> Task objective
In the records below, find the line containing "Auf den Dresdner" and the line containing "I had won a". Give again exactly those lines and every line between them, omitting the pictures.

> Study material

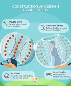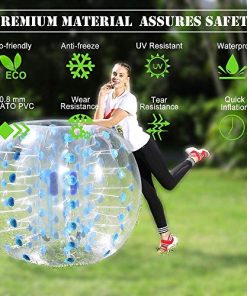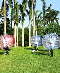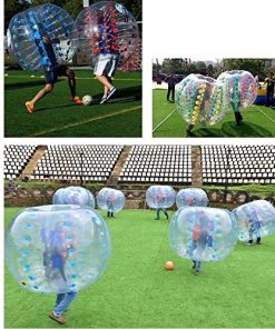 Edad mínima recomendada por el fabricante: 6 años. ‘Pelota de parachoques de fútbol burbuja inflable de 5 pies para adultos gigantes humanos y al aire libre Enriquece tu vida, mejora los sentimientos entre tú y tu familia y amigos, mantén tu estado físico al mismo tiempo. Alta calidad y económico, convivencia sana y feliz, te lo mereces. Características: 1. Material duradero: la pelota de parachoques inflable está hecha de PVC de 0.8MM, no tóxico, inodoro, mejor sellado para uso a largo plazo. 2. Garantía de seguridad: esta bola burbuja tiene 2 asas en el interior y 2 correas de hombro ajustables, más seguras y convenientes. 3. Fácil de usar: la pelota Zorb de parachoques se puede inflar o desinflar en 1-2 minutos con una bomba de aire eléctrica (no incluida). Especificaciones: 1. Material: PVC 2. Manijas: 2 3. Diámetro total: 5 pies 4. Diámetro interno: 2.13 pies 5. Altura del producto: 3.94 pies 6. Altura del jugador adecuada: 5-6.2 pies 7. Paquete incluye: 1 x Pelota 2 x Piezas de reparación. Por qué elegir la pelota de parachoques para jugar juegos Porque puedes pasar un rato feliz con tu familia y amigos. Y durante el juego, cuando impactas entre sí, puedes experimentar la libertad de rebotar y dar volteretas. Instrucciones del juego: A: Los miembros del equipo se ponen el equipo de la pelota de parachoques Dentro de la zona especificada, se acoplan colisiones, Después de que el oponente sea expulsado del área prescrita, ganarás B: Todos los equipos ingresaron a la pelota de burbuja primero, luego rascar el fútbol, choque racional, la cuenta de goles gana. Como una pelota de parachoques divertida, no un objetivo final, pateó al oponente fue interesante Presta atención: 1. La bola de parachoques cabe para adultos y adolescentes. Cuando nuestro producto está en uso, no debe usarse en suelo afilado o en suelo común 2. Compruebe que el producto esté bien sellado antes de usarlo, vea si el asa es segura y firme Adicionalmente, la facilidad de uso también es una de las ventajas más importantes. Esta bola de zorb de parachoques se puede inflar o desinflar en 1-2 minutos, sin importar el tipo de evento que estés planeando, desde un cumpleaños en el patio trasero hasta un evento deportivo lleno de estadios o una fiesta en la playa, la pelota de parachoques te traerá un día inolvidable.’
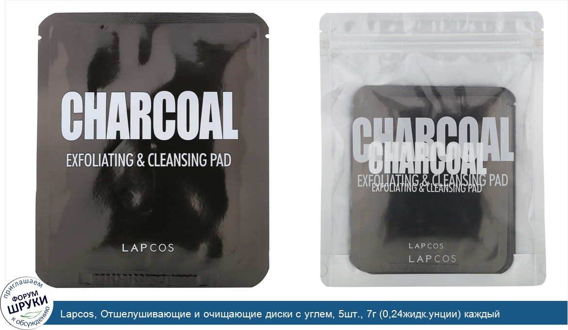 Друзья, если у вас есть отзыв/дополнение/комментарий/вопрос относительно Lapcos, Отшелушивающие и очищающие диски с углем, 5шт., 7г (0,24жидк.унции) каждый - напишите его ответом в эту тему (это будет полезно всему сообществу в целом и вам в отдельности).
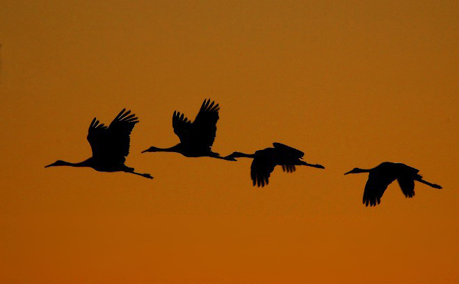 Avian photography is not just about being able to identify a bird. It’s about shape and form, action and mood. Below are a quartet of Sandhill Cranes as they paddle their way through the air waves at dawn or dusk. Panning skills are essential for shots like this. I honed my skills photographing car racing with machines traveling at times, well over 200 mph.
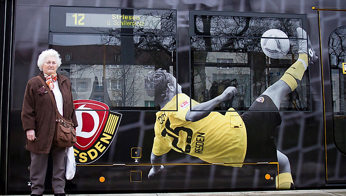 Auf den Dresdner Straßenbahnschienen fährt ab sofort ein neuer Hingucker für alle Fans der SG Dynamo Dresden. In der vergangenen Woche bekam die Dynamo-Straßenbahn, die erstmals 2009 komplett mit einem Dynamo-Design gestaltet wurde, im Betriebshof Gorbitz ein neues und zeitgemäßes Outfit verpasst. Innerhalb nur eines Arbeitstages brachte der Dynamo-Partner East|print auf der gesamten Fahrzeuglänge von 30 Metern mehr als 160 Quadratmeter Folie an.
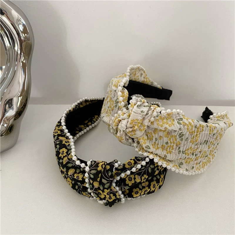 Be the first to review “Chiffon Floral Knotted Headband With White Pearls Edge” Cancel reply
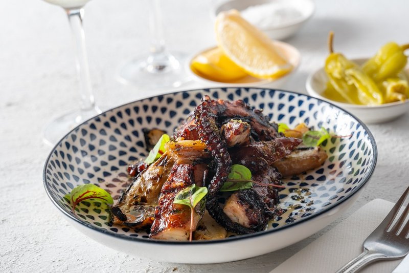 I had won a meal at Nostimo a while ago. The fishes were no longer in the menu but they honoured the value of the prize. The menu was so inviting we decided on meze plates. What an absolute flavour delight. We shared prawn saganaki, chargrilled octopus with fennel & orange and lamb souvlaki. Each dish was a flavour triumph. We tried the bougatsa for dessert. It was definitely worth the wait. We had a glass of Skouras Assyrtiko which has a great mouth feel & structure with good minerality & citrus notes. It matched our meal perfectly. This experience far outweighed our expectations. Weโll definitely be back.
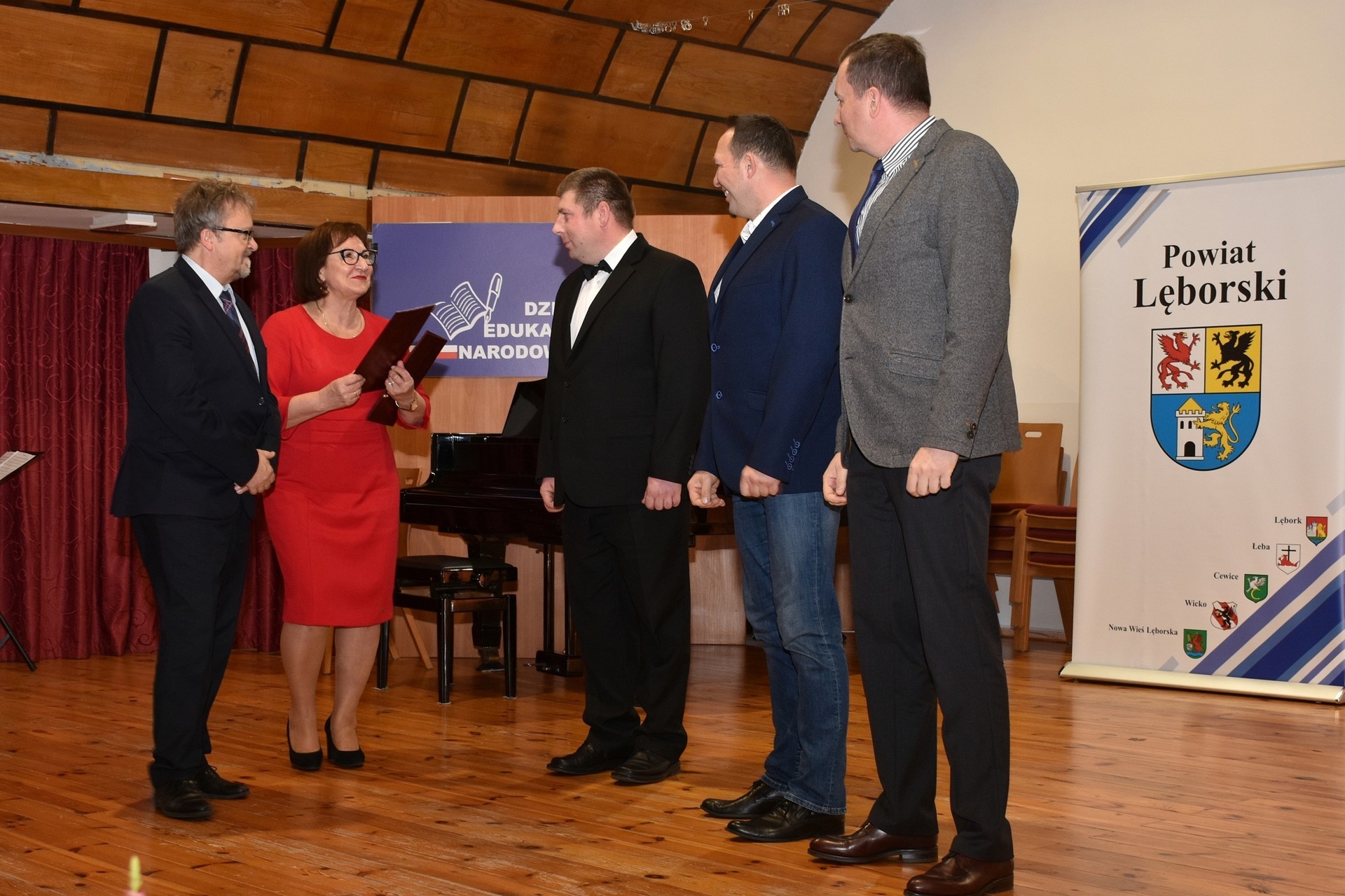 Dzień Edukacji narodowej to święto upamiętniające powstanie Komisji Edukacji Narodowej, utworzonej z inicjatywy króla Stanisława Augusta Poniatowskiego i zatwierdzonej przez Sejm 14.10.1773 r. Dzień Nauczyciela to okazja do wyróżnienia najlepszych w pracy dydaktyczno-wychowawczej nauczycieli. Złotym Krzyżem Zasługi wyróżniona została Danuta Milewska – Biały, nauczyciel Powiatowego Centrum Edukacyjnego. Izabela Bugała, Iwona Sałata i Aneta Lewnau ze Specjalnego Ośrodka Szkolno-Wychowawczego otrzymały medale Komisji Edukacji Narodowej. Teresa Szczepańska, dyrektor Młodzieżowego Domu Kultury uhonorowana została Nagrodą Ministra Edukacji Narodowej. Nagrody Pomorskiego Kuratora Oświaty otrzymali: Małgorzata Bresler, wieloletni dyrektor Zespołu Szkół Gospodarki Żywnościowej i Agrobiznesu, Leszek Leciejewski, nauczyciel Specjalnego Ośrodka Szkolno-Wychowawczego w Lęborku i Alina Walkusz, wicedyrektor Młodzieżowego Domu Kultury. Starosta Lęborski również przyznała nagrody siedmiu dyrektorom i trzem nauczycielom placówek oświatowych, dla których Powiat Lęborski jest organem prowadzącym. Wyróżnienia otrzymali też przedstawiciele Powiatowego Cechu Rzemiosła i Przedsiębiorczości, wyróżniający się nauczyciele zawodu, właściciele firm rzemieślniczych, w których uczniowie nabywają zawodowego doświadczenia. Życzenia pracownikom oświaty złożyli: Pomorski Kurator Oświaty, Wizytator Słupskiej Delegatury Kuratorium Oświaty w Gdańsku, Beata Sobańska-Zając oraz lokalni liderzy nauczycielskich związków zawodowych: Halina Ługowska-Siłka ze Związku Nauczycielstwa Polskiego i Aleksandra Werra z nauczycielskiej „Solidarności”. Powiatowe obchody Dnia Edukacji Narodowej stały się także okazją do wręczenia stypendiów najlepszym uczniom i absolwentom. W sumie stypendia otrzymało 151 osób. Doceniono w ten sposób najwyższe wyniki w nauczaniu oraz osiągnięcia w olimpiadach i konkursach przedmiotowych.
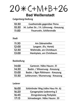 Veranstalter: Pfarreiengemeinschaft Marktleuthen/Röslau-Kirchenlamitz-WeißenstadtDie Sternsinger sind auch in 2026 wieder in der Pfarreiengemeinschaft unterwegs um den Segen
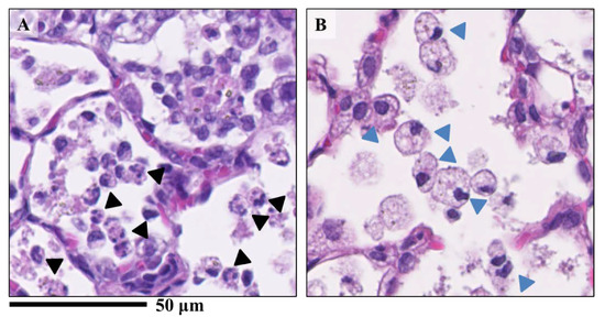 Lung samples sectioned with H&E staining exposed to nanomaterials intratracheally. (A) the NiO-high dose exposed group; (B) the CeO2-high dose group. There were differences of infiltrating inflammatory cells between nanomaterials. While mainly neutrophils and macrophages were found in the alveoli in the NiO-high dose group (A), macrophage-based inflammatory cell infiltration was observed in the CeO2-high dose group (B). Black arrow heads indicate neutrophils and blue arrow heads indicates macrophages.
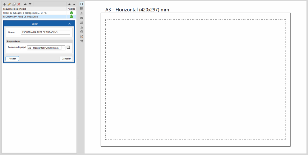 - Na lateral esquerda, um painel de navegação entre os diferentes esquemas de princípio, constituídos folhas de formato e escala editáveis.
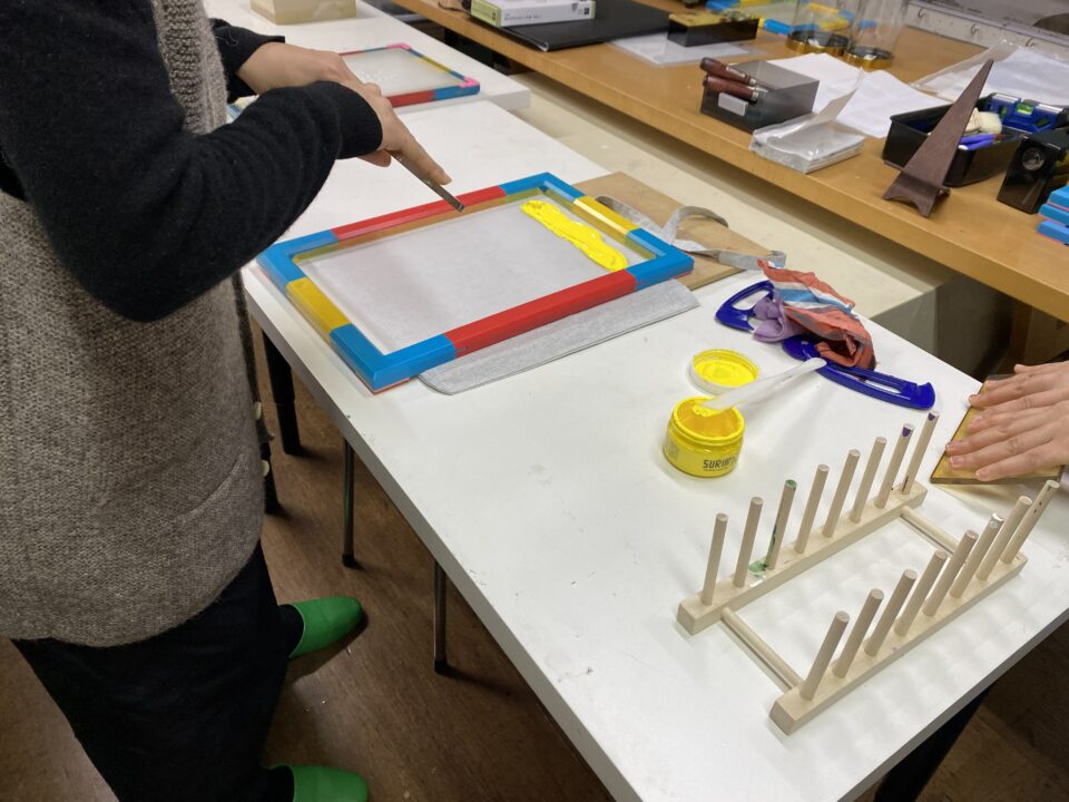 こちらで、版画のワークショップを体験させていただきました。

> Written solution
 Auf den Dresdner Straßenbahnschienen fährt ab sofort ein neuer Hingucker für alle Fans der SG Dynamo Dresden. In der vergangenen Woche bekam die Dynamo-Straßenbahn, die erstmals 2009 komplett mit einem Dynamo-Design gestaltet wurde, im Betriebshof Gorbitz ein neues und zeitgemäßes Outfit verpasst. Innerhalb nur eines Arbeitstages brachte der Dynamo-Partner East|print auf der gesamten Fahrzeuglänge von 30 Metern mehr als 160 Quadratmeter Folie an.
 Be the first to review “Chiffon Floral Knotted Headband With White Pearls Edge” Cancel reply
 I had won a meal at Nostimo a while ago. The fishes were no longer in the menu but they honoured the value of the prize. The menu was so inviting we decided on meze plates. What an absolute flavour delight. We shared prawn saganaki, chargrilled octopus with fennel & orange and lamb souvlaki. Each dish was a flavour triumph. We tried the bougatsa for dessert. It was definitely worth the wait. We had a glass of Skouras Assyrtiko which has a great mouth feel & structure with good minerality & citrus notes. It matched our meal perfectly. This experience far outweighed our expectations. Weโll definitely be back.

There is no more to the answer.